Several psychiatric disorders share the same root cause, study suggests : ScienceAlert

New genetic evidence hints they may be more tightly linked.

A major study published in early 2025 suggests that many well-known mental health disorders share a surprisingly deep genetic foundation, reshaping how scientists think about diagnosis, risk, and treatment.

A shared genetic thread behind eight disorders

Researchers in the US have shown that eight different psychiatric conditions appear to arise, at least partly, from the same set of genes.

The disorders linked in the work are:

• Autism
• Attention deficit hyperactivity disorder (ADHD)
• Schizophrenia
• Bipolar disorder
• Major depressive disorder
• Tourette syndrome
• Obsessive-compulsive disorder (OCD)
• Anorexia nervosa

These conditions can look very different in the clinic.
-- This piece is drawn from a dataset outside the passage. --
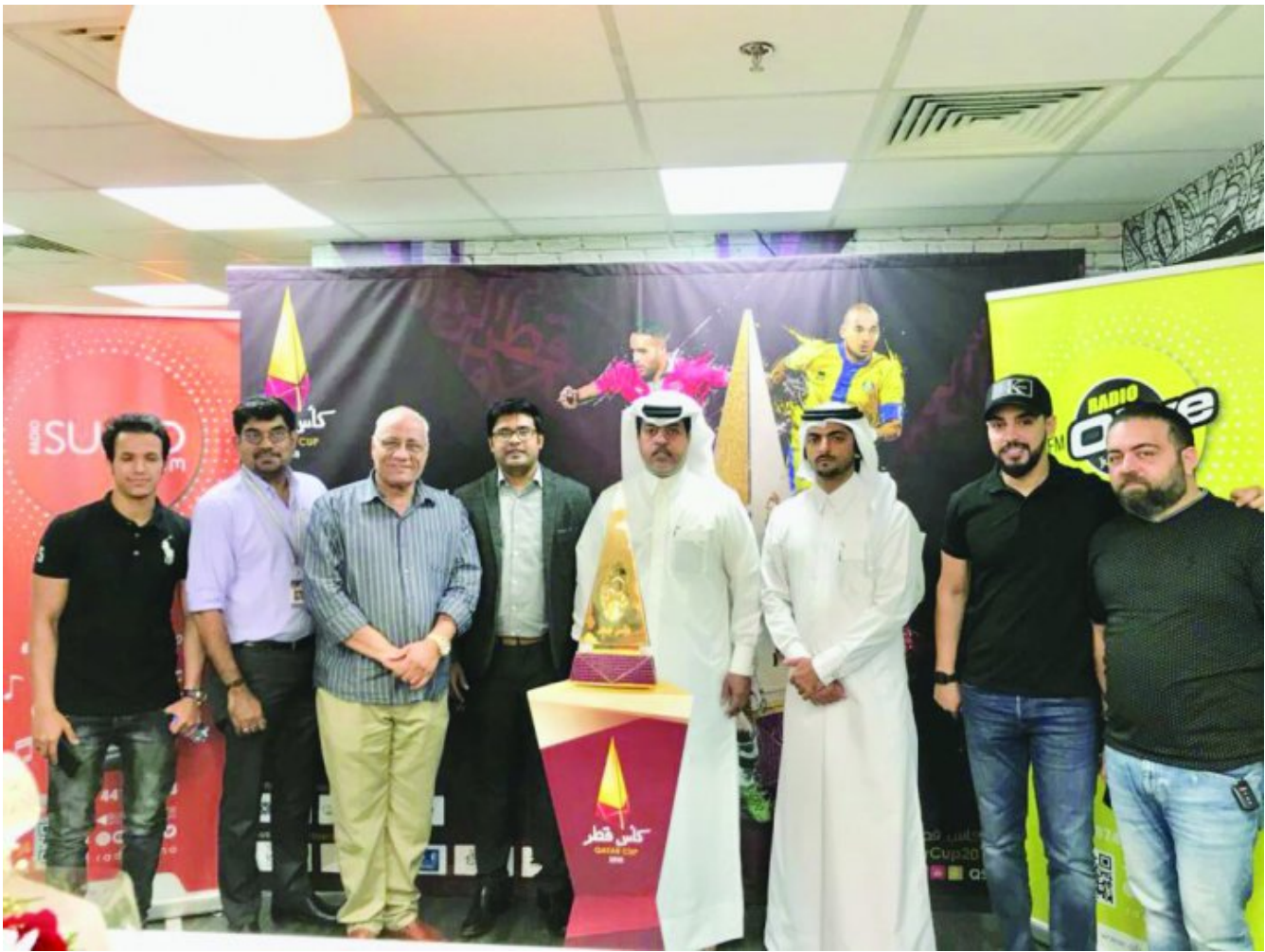
The Qatar Cup Trophy Tour team with Radio Olive and Suno officials.

One affects mood, another eating, another thinking and perception. Yet the new findings show that they overlap at the level of DNA in a way that is hard to ignore.

Dozens of the same genetic switches appear to nudge brain development towards a range of psychiatric outcomes, depending on when and where they act.

The study builds on work from 2019, when an international team first identified 109 genes that were linked, in different combinations, to those eight disorders. The new research goes a step further, drilling into how specific variants in those genes behave during brain development.

What the new study actually did

The team examined nearly 18,000 genetic variants across both shared and disorder-specific genes. They inserted these variants into precursor brain cells – the immature cells that later become neurons – to see how they alter gene activity.

By watching what happened in these human-derived cells, and then checking similar processes in developing mouse neurons, the scientists could track which variants disrupt normal gene regulation.

They identified 683 variants that changed how genes are switched on and off in brain cells. Many of those were linked to more than one disorder.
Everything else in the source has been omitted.